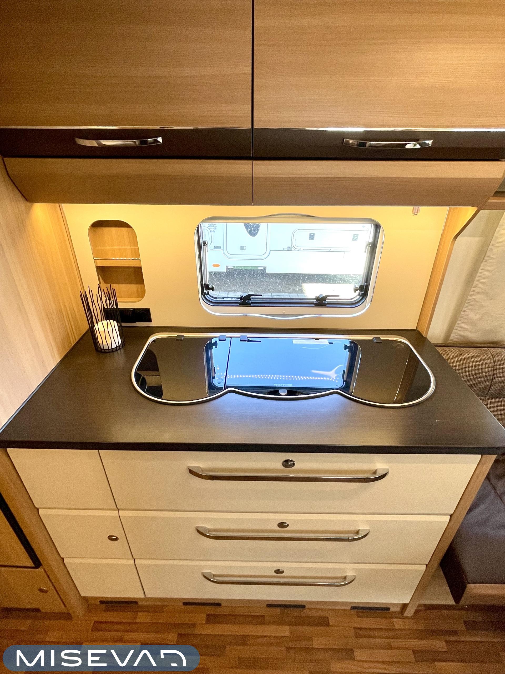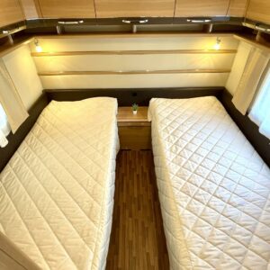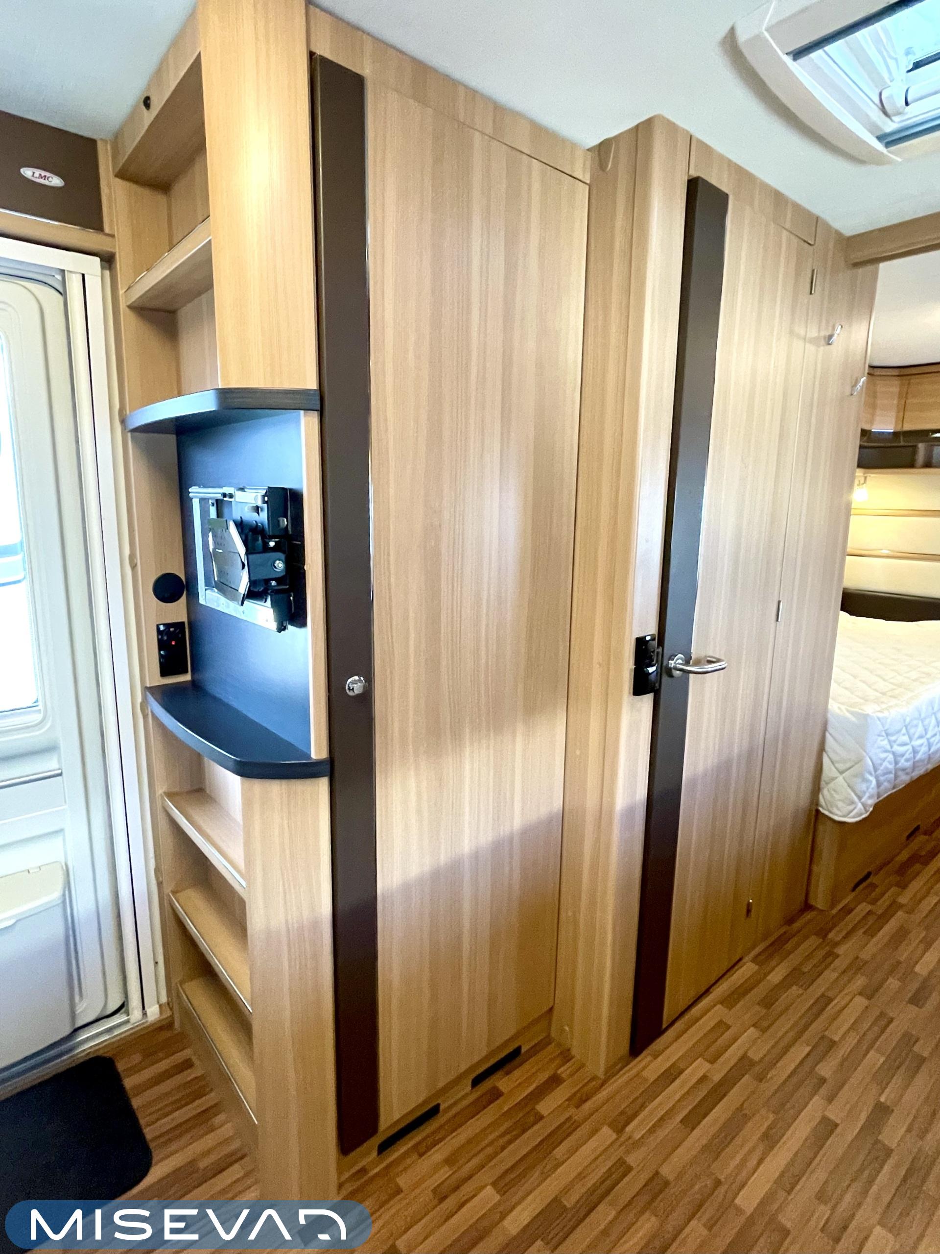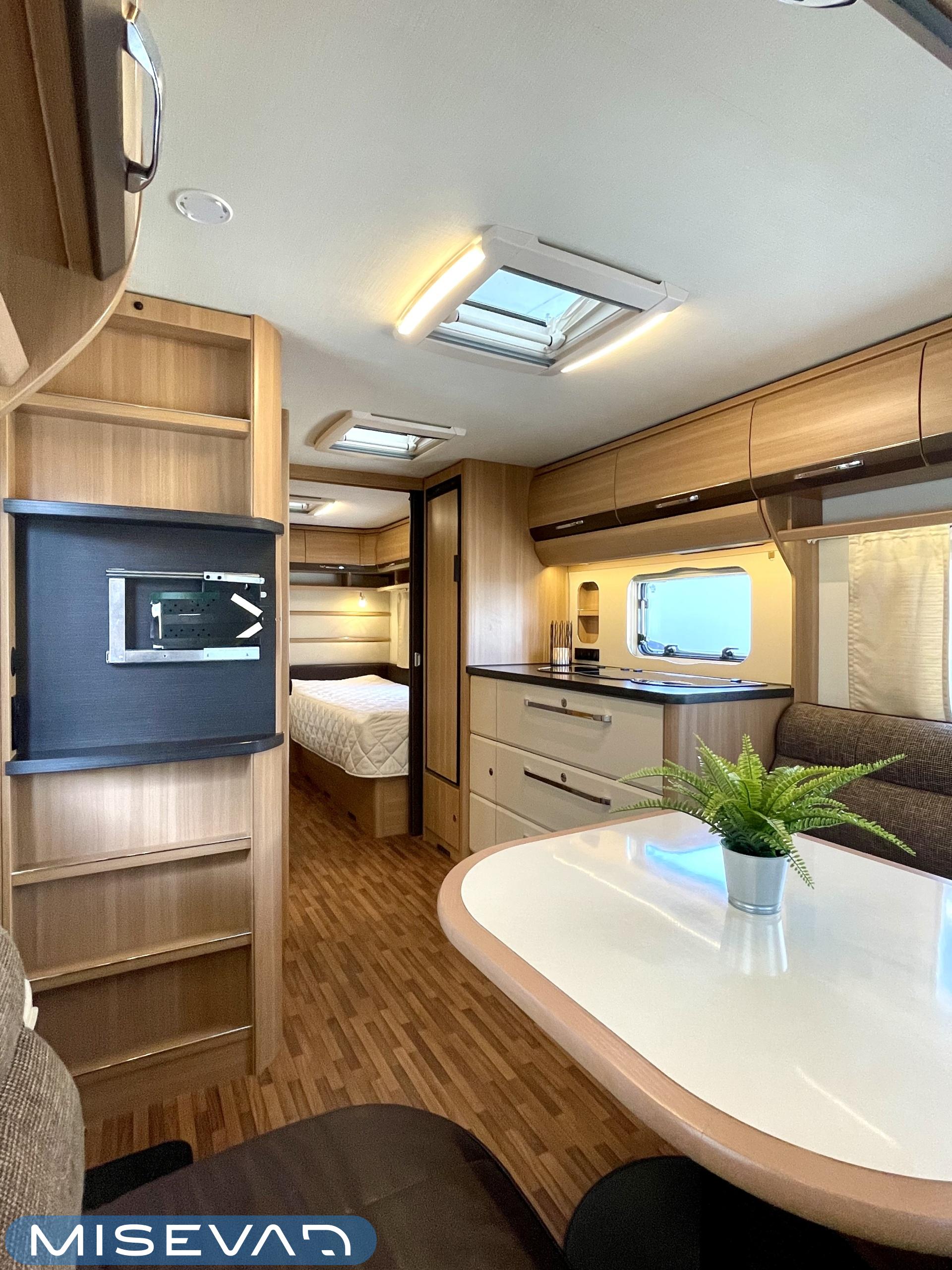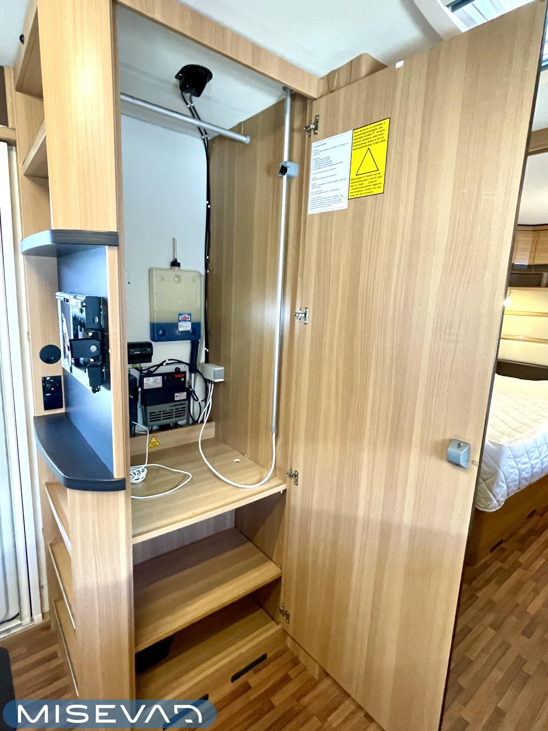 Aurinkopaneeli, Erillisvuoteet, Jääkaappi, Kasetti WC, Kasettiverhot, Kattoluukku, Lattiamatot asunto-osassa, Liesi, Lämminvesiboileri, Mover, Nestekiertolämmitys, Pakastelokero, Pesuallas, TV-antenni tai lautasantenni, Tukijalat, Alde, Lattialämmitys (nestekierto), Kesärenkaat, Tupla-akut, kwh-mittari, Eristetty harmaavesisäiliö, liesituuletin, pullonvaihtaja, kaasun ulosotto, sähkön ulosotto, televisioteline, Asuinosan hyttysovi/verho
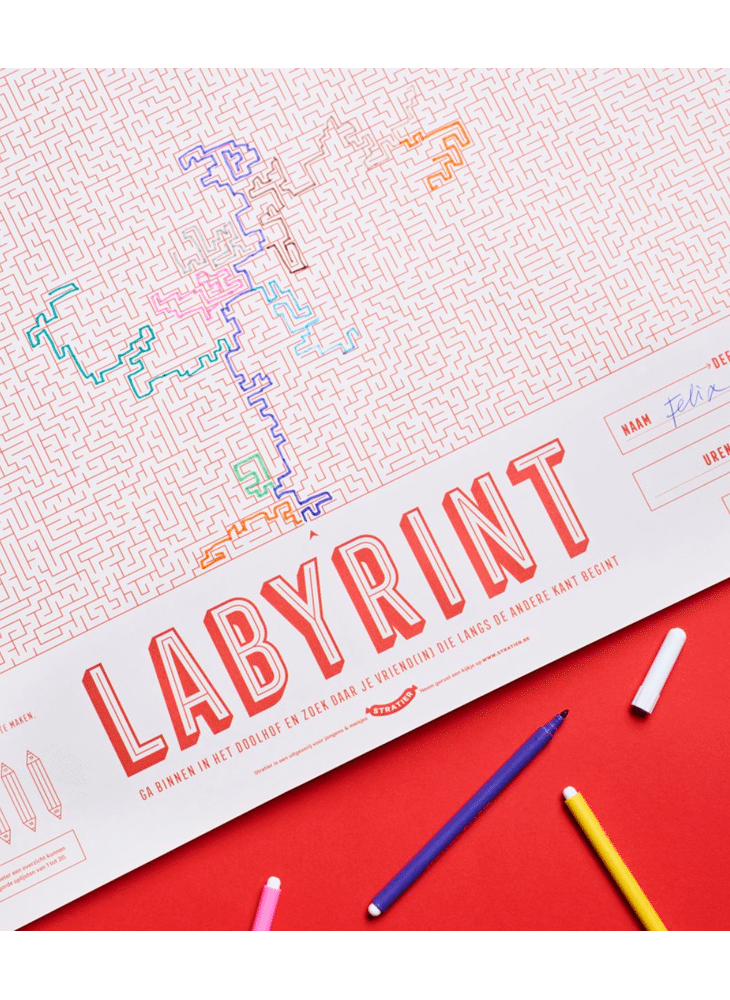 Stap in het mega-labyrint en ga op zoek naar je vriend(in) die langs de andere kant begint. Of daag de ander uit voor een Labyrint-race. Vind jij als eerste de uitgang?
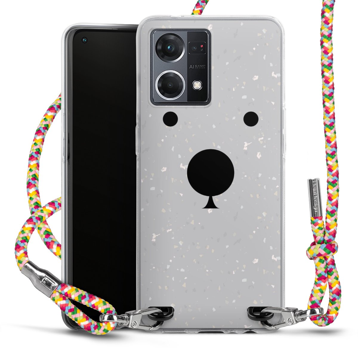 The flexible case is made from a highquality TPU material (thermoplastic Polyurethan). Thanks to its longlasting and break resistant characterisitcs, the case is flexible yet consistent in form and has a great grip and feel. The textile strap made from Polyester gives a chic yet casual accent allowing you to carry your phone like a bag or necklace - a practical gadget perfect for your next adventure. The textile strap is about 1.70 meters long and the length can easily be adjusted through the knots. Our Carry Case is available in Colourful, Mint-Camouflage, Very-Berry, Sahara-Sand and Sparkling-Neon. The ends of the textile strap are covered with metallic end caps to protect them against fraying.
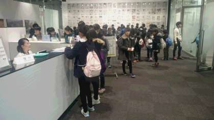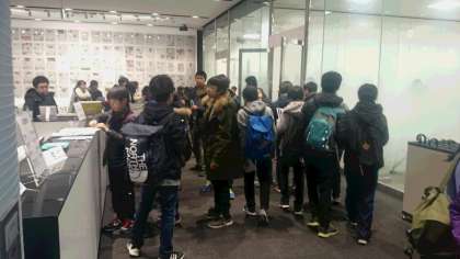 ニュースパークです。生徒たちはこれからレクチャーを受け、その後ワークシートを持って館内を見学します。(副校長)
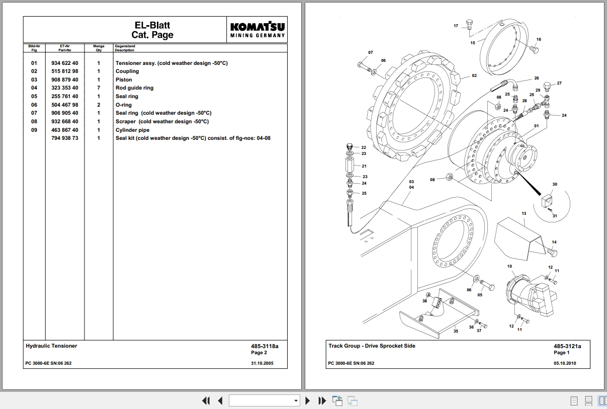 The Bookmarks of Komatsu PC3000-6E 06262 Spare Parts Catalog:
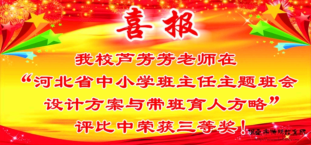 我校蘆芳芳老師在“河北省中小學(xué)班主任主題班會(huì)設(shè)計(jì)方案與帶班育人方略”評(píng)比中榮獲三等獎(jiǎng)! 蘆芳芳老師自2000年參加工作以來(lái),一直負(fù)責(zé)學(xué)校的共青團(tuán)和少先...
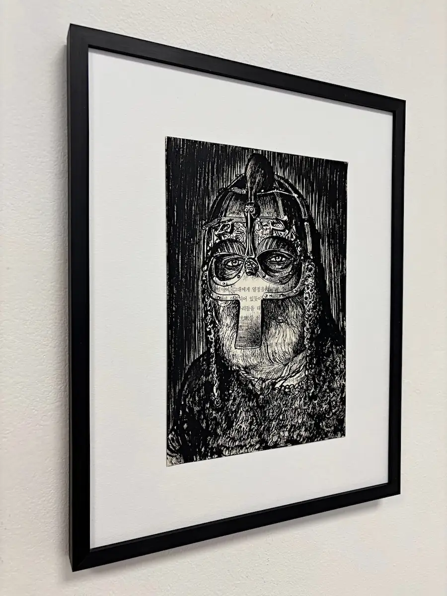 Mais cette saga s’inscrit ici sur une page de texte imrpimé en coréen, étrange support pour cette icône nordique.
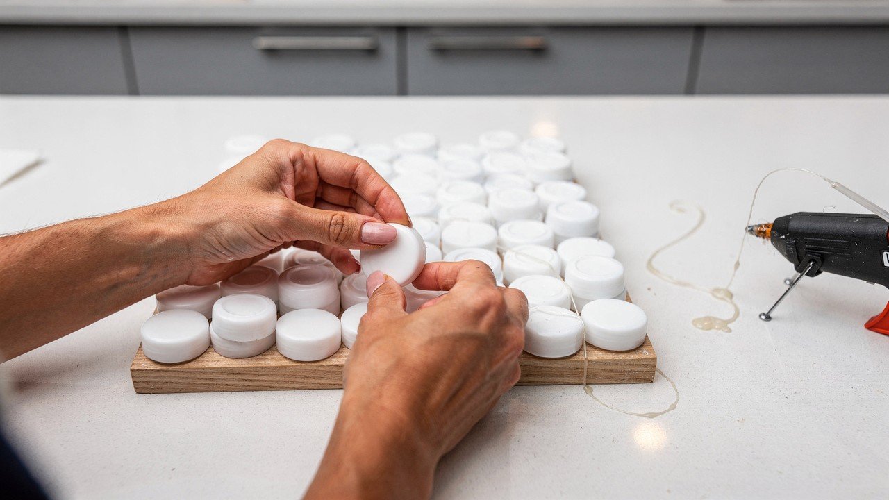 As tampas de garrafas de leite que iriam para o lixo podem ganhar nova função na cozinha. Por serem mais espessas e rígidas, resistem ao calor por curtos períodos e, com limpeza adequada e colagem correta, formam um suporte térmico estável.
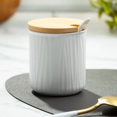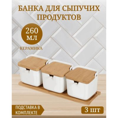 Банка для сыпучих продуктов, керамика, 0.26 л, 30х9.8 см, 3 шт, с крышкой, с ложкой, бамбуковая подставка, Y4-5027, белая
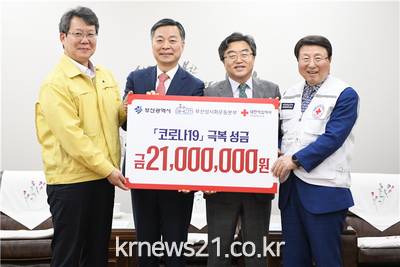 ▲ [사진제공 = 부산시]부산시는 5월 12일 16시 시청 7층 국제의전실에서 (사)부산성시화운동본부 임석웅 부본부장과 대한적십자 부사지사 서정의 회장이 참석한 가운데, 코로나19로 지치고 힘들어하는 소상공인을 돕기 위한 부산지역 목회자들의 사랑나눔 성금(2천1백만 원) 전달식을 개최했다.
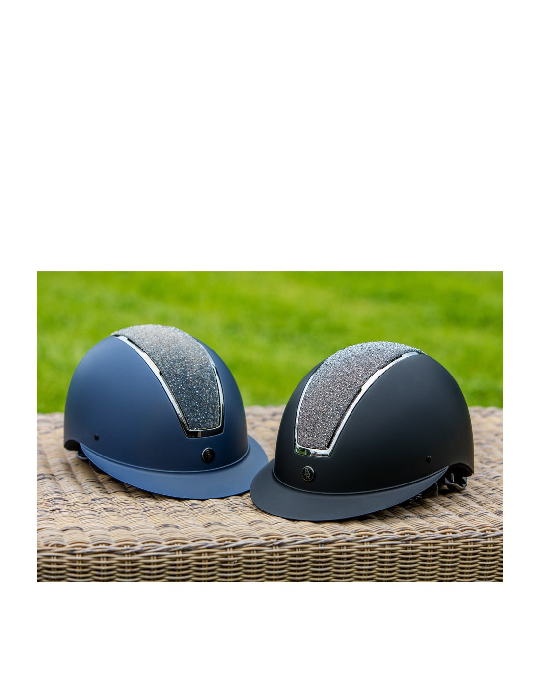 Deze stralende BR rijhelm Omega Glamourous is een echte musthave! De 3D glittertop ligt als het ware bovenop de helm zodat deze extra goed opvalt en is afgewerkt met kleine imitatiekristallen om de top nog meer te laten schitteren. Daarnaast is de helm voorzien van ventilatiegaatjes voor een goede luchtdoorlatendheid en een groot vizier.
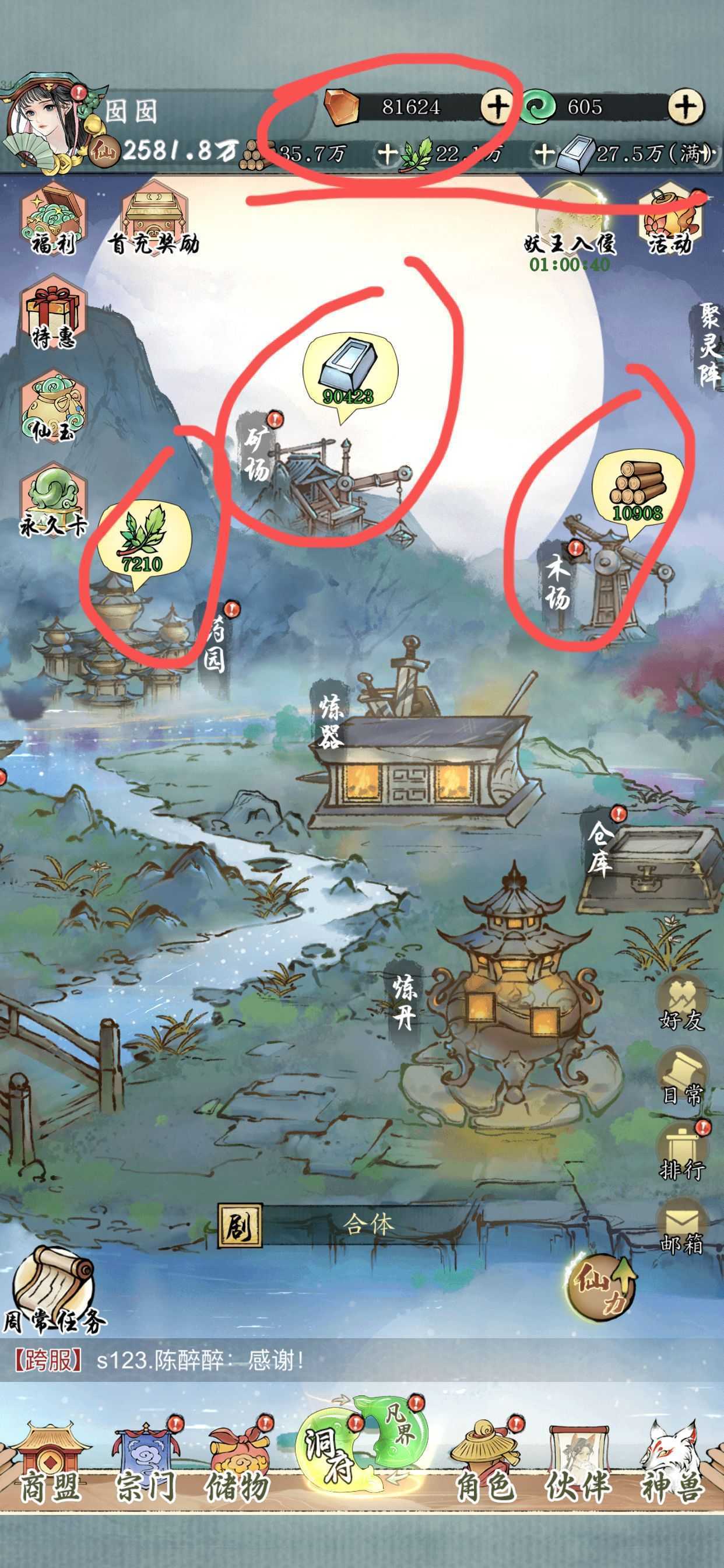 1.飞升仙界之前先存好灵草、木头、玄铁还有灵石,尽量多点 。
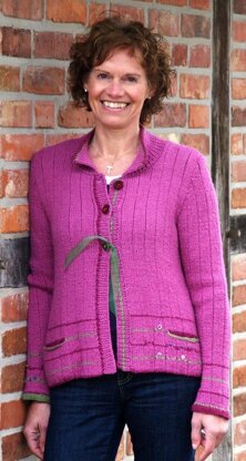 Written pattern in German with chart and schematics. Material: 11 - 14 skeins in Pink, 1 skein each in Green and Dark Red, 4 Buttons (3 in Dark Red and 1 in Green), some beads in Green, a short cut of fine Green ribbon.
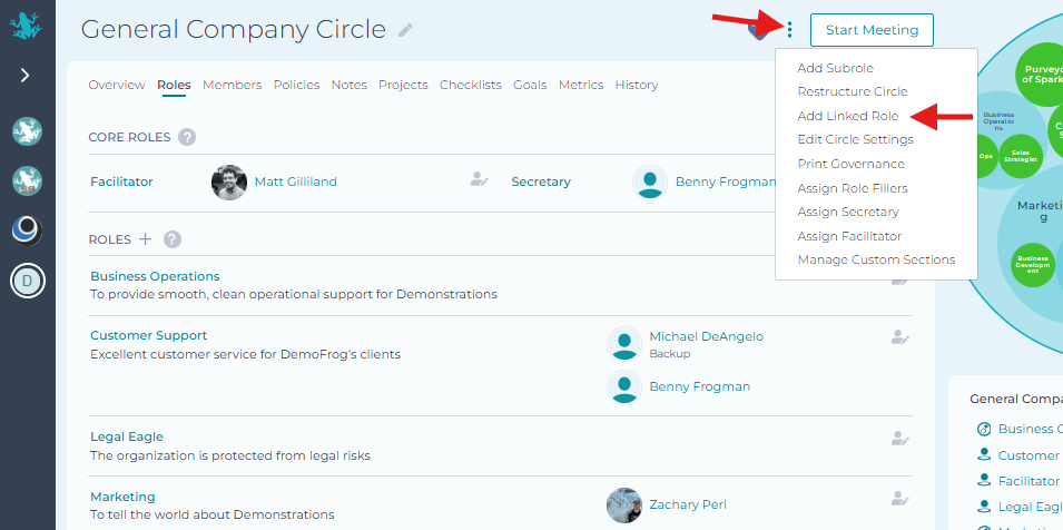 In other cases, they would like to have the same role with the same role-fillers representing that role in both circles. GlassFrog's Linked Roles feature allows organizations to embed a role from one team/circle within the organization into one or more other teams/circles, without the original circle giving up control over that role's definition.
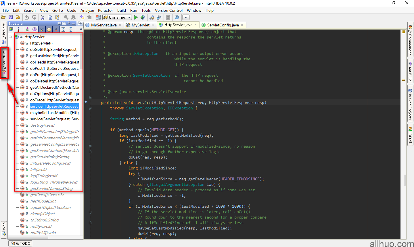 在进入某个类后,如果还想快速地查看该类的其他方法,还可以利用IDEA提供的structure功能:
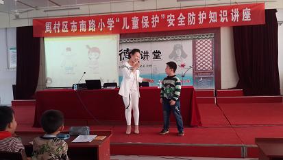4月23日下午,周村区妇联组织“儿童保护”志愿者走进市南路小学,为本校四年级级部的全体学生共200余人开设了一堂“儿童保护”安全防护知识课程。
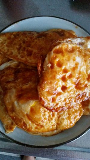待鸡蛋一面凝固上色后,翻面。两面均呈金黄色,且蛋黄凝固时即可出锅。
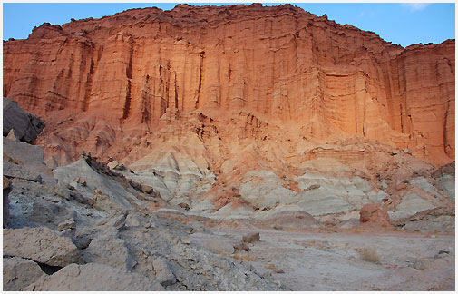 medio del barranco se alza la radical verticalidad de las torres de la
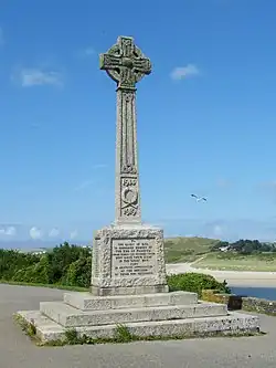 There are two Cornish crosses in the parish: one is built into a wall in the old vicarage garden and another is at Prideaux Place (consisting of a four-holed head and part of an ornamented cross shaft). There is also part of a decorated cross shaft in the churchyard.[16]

= YOUR ASSIGNMENT =
Each line above from the one containing "Mais cette saga" through the one containing "As tampas de" is to be returned verbatim. Nothing else, and no pictures.

= ANSWER FOR THIS EXERCISE =
 Mais cette saga s’inscrit ici sur une page de texte imrpimé en coréen, étrange support pour cette icône nordique.
 As tampas de garrafas de leite que iriam para o lixo podem ganhar nova função na cozinha. Por serem mais espessas e rígidas, resistem ao calor por curtos períodos e, com limpeza adequada e colagem correta, formam um suporte térmico estável.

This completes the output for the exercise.